Видимо, не брился еще со дня ареста, из первоходов — они, наивные, думают все, что скоро выпустят, вот-вот, а в тюрьме можно и не бриться. Как только освобожусь — так сразу и побреюсь и трусы постираю — тюрьма это временно. Временно. Не понимают, дурики еще, что уже пришли домой. Надолго. Пришло время налаживать быт.
— Салам, мужики! — бодро и заученно заорал мужик с порога.
— Салам-папалам — Шурян приветствовал мужичонку — откуда будешь-то сам?
— Куйлюкские мы.
— А по воле что, при делах ходил? Кто ты таков есть в этой жизни?
— Та не. Не при делах. Я слесарем работаю, в троллейбусном депо.
— Уже не работаешь — в разговор вступил Валерчик. — Давай подтягивайся поближе.
Мужик подошел к углу, где подперев стену рядком, сидели мы и курили мой «Пайн». Он неловко, покачиваясь, присел на корточки и натянуто улыбнулся.
— Что правильно жил на воле-то? По понятию? Братве своевременно уделял, мужиков на постой грел?
— А как же как же — все правильно уделял — чего уж там, да.
— Ну — значит получается — ты здравый мужик, а? А статья какая?
— Вот со статьей непонятка. Соседка у меня Маринка — шалава. И дочька у нея — вся в мать, понимаете?
Мужик с искательным призывом глянул мне глаза. Он сразу определил во мне слабое звено.
— Понимаем, а как же — готовно вступился я, но Валерчик больно двинул меня локтем в подбородок и прошипел: «Стухни».
— Ну и чё?
— Ну и это — я бухой был, так?

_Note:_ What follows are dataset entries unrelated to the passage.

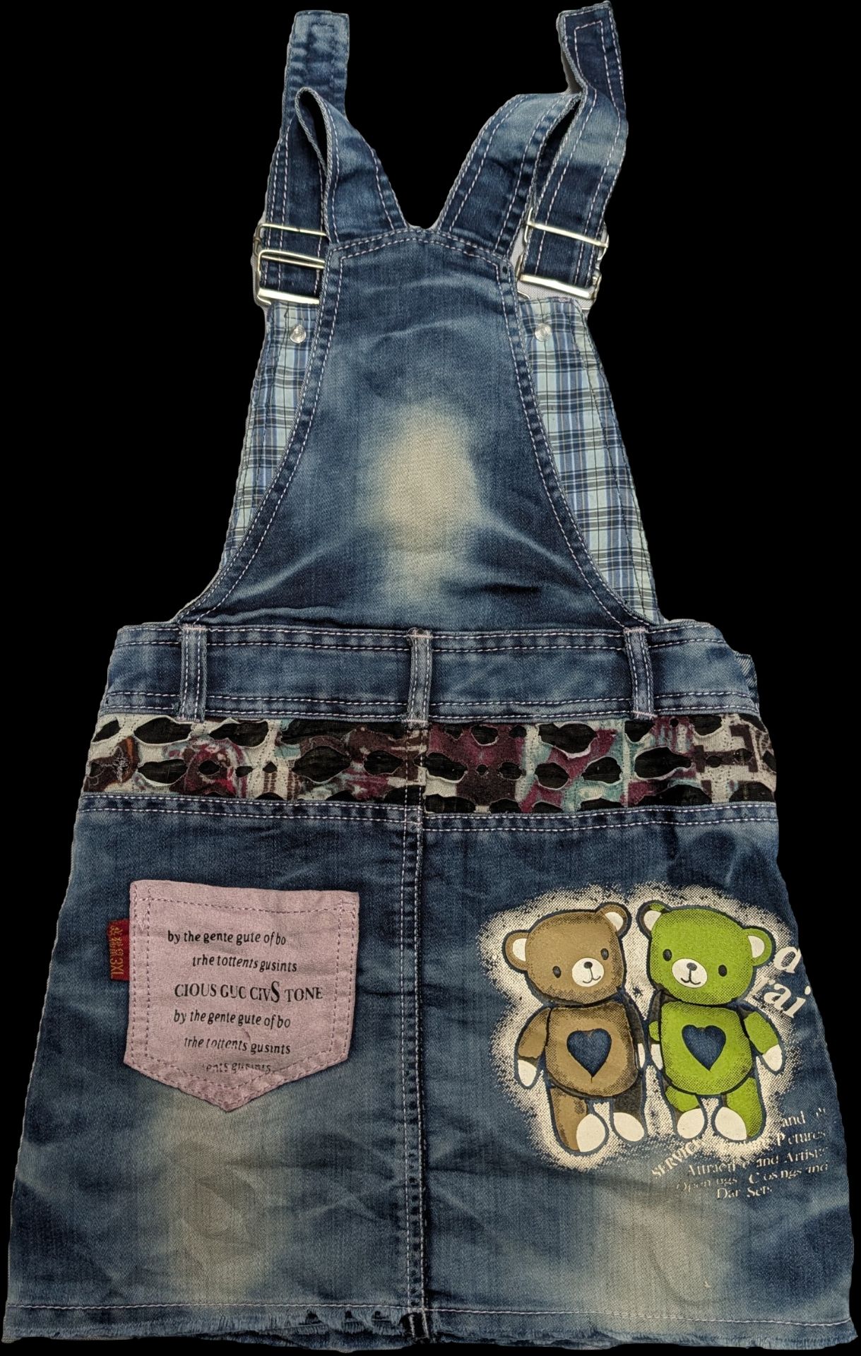 Add a touch of playful charm to your little girl’s wardrobe with this unique Denim Dungaree Dress from BubbleBee. Crafted from durable, high-quality denim jeans fabric, this dress features eye-catching patchwork details and a stylish plaid lining on the bib. The front is adorned with sweet, embroidered bear graphics and vibrant heart accents, making it a standout piece for any casual occasion.
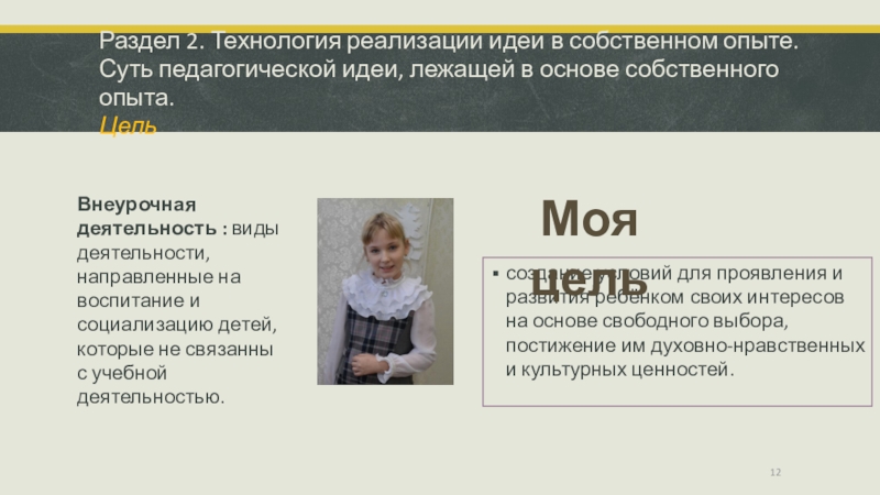создание условий для проявления и развития ребёнком своих интересов на основе свободного выбора, постижение им духовно-нравственных и культурных ценностей.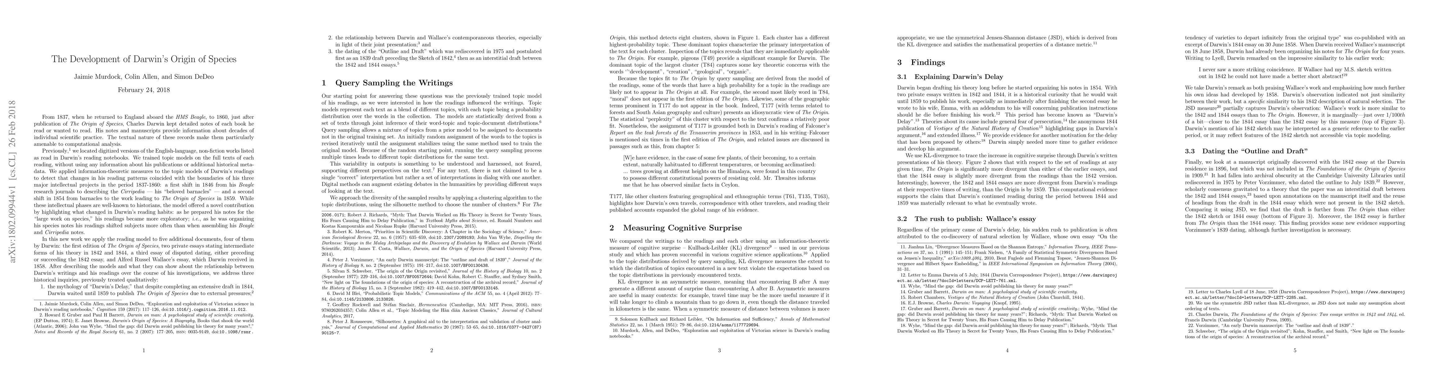 From 1837, when he returned to England aboard the $\textit{HMS Beagle}$, to 1860, just after publication of $\textit{The Origin of Species}$, Charles Darwin kept detailed notes of each book he read or wanted to read. His notes and manuscripts provide information about decades of individual scientific practice. Previously, we trained topic models on the full texts of each reading, and applied information-theoretic measures to detect that changes in his reading patterns coincided with the boundaries of his three major intellectual projects in the period 1837-1860. In this new work we apply the reading model to five additional documents, four of them by Darwin: the first edition of $\textit{The Origin of Species}$, two private essays stating intermediate forms of his theory in 1842 and 1844, a third essay of disputed dating, and Alfred Russel Wallace's essay, which Darwin received in 1858. We address three historical inquiries, previously treated qualitatively: 1) the mythology of "Darwin's Delay," that despite completing an extensive draft in 1844, Darwin waited until 1859 to publish $\textit{The Origin of Species}$ due to external pressures; 2) the relationship between Darwin and Wallace's contemporaneous theories, especially in light of their joint presentation; and 3) dating of the "Outline and Draft" which was rediscovered in 1975 and postulated first as an 1839 draft preceding the Sketch of 1842, then as an interstitial draft between the 1842 and 1844 essays.

А дочька Маринкина, Светка, она знаете лет на двадцать выглядит, вся в миниюбках вечно, сиськи вот такущие, чесслово! Маринка мне двуху должна была, прислала с дочей. А та говорит, дядь Слав, а дядь Слав, давай я тебе отстрочу щас, чесслово — а ты мне двуху, а?
— И че?
— Ну дал ей. А она к матери сразу, растрёпа, и давай они с меня на пару деньгу тянуть. А яж говорю — бухой был. В дымину. Выгнал их обеих, да и спать лег. Ага. До утра. А утром участковый пришел с ровэдэшнэми. Ну вот так вот.
Прессовали меня мусора — ух прессовали, скоты жаждующие. А главна — пить воды не давали больше сутки — пока всё не подписал. Какая только их дыра родила, зверей.
— Дааа — протянул вставая Шурян — Трогательная история. Все беды наши — через них, бап!
Шурян по-кошачьи неслышно подошел к двери в хату и прислушался.
— Курить хочешь?
Мужик благодарно кивнул и подскочил к Шуряну.
— Дай ему «Пайн» — распорядился Шурян — пусть курнёт мужик. С этапа ведь.
Я протянул мужичку сигарету и развел руками — спичек нет. Пассажир двинулся обратно к Шуряну, но тот жестом указал ему на Валеру.
Валерчик зажег спичку. Мужик, вставив сигарету в рот, потянулся к огоньку. Валерчик медленно опустил спичку ниже. Мужик наклонился следом, но Валерчик опустил руку еще ниже, и мужик склонился перед ним в глубоком поклоне. Тут Валерчик опустил руку уже на уровень своей ширинки, и теперь чтобы прикурить, мужику пришлось бы ткнуться лбом в валеркин***.
Мужик виновато-непонимающе поднял взгляд на Валерчика, а тот будто давно ожидая этого момента, быстро и сильно ударил его коленом в подбородок.
Шурян, успевший уже вытянуть из штанов свой плетенный кожаный ремень, довольно ловко затянул его на шее «жавера». Мужик повалился на тщательно покрашенный миллионом слоев бетонный пол, и они стали методично его запинывать.
Какое-то липкое противное возбуждение охватило меня. Хотя я не двигался с места и не принимал участия в экзекуции, руки мои заходили ходуном, дыхание участилось и сразу весь как-то взмок.
Мужик заметно испугался и стал звать на помощь ментов, пытаясь прорваться к двери, но Валерчик снова завалил его на пол и прыгнул двумя ногами, обутыми в тяжелые ботинки, не чета моим, куда-то в центр живота.
Мужик охнул и выпустил в без того не самую благоуханную атмосферу хаты струю своего вонючего пердежа.
Валерчик злобно вырвал ремень у Шуряна и поволок мужичонку ко врытому в пол дальняку.
Дальняк был отделен невысокой кирпичной кладкой, и Валерчик стал долбить эту кладку головой мужика, дергая за ремень.
Шурян обратился ко мне — Давай, давай, всыпь ему братишка!
Я попытался разозлится на нашу жертву, которая теперь тихо подвывала у дальняка под пудовыми пинками Валерчика.